Dalam perspektif akademis kami, pejabat publik yang digaji dari uang rakyat seharusnya memiliki tanggung jawab moral dan hukum untuk melayani masyarakat. Berdasarkan teori administrasi publik, ada prinsip utama yang harus dipegang oleh setiap pejabat pemerintahan, yaitu akuntabilitas, transparansi, responsivitas, efektivitas, dan efisiensi.
- Akuntabilitas: Pejabat harus bertanggung jawab atas kebijakan dan tindakan mereka. Dalam kasus ini, DLH Sumenep dan instansi terkait wajib memberikan solusi nyata, bukan sekadar janji atau alasan.
- Transparansi: Pemerintah harus terbuka terkait anggaran dan kebijakan pengelolaan sampah agar masyarakat mengetahui bagaimana pajak mereka digunakan.
- Responsivitas: Pejabat harus sigap menanggapi keluhan masyarakat. Jika sampah menjadi masalah berulang, berarti ada kegagalan dalam respons cepat terhadap situasi.
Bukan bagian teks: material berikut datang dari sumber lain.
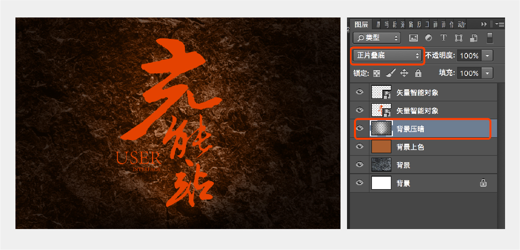 为了更加突出文字主体,我们将文字四周的背景压暗,在“背景上色”图层上面新建一个图层,命名为“背景压暗”,将图层混合模式改为“正片叠底”,颜色选择黑色,调整为合适的不透明度,用画笔在背景四周进行涂抹,效果如下: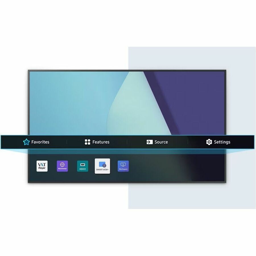 SmartView+ enables wireless screen sharing without cable connections to assist with easy collaboration. Users can now enable the screen sharing functionality at the start of a meeting, allowing the meeting admin to quickly switch between screens with one click.

- Efektivitas dan efisiensi: Pemerintah harus mencari solusi yang tepat guna dan cepat dalam menangani masalah sampah, seperti menyediakan fasilitas dan pengelolaan TPS yang lebih baik dan optimalisasi tenaga kerja.
Jika pejabat publik mengabaikan tanggung jawabnya, maka mereka tidak hanya melanggar etika birokrasi, tetapi juga dapat dianggap lalai dalam menjalankan tugas negara. Dalam konteks hukum administrasi, kelalaian semacam ini bisa dikategorikan sebagai maladministrasi, yang berpotensi menyebabkan penurunan kepercayaan publik terhadap pemerintahan.
Kesimpulan dari pemberitaan ini, Permasalahan sampah di Sumenep mencerminkan kurangnya perhatian dari pemerintah, terutama pihak DLH Sumenep. Situasi ini semakin diperparah dengan sikap pejabat yang terkesan tidak bertanggung jawab dan tidak memiliki kepedulian terhadap keresahan masyarakat.
Jika tidak segera ditangani, dampak dari tumpukan sampah ini tidak hanya mengganggu kenyamanan, tetapi juga memperburuk masalah kesehatan masyarakat. Pemerintah harus segera bertindak dengan memperbaiki sistem pengelolaan sampah, meningkatkan fasilitas TPS, serta memastikan bahwa semua pejabat yang terkait benar-benar bekerja untuk kepentingan rakyat, bukan hanya sekadar menikmati fasilitas negara yang dibeli dari uang rakyat.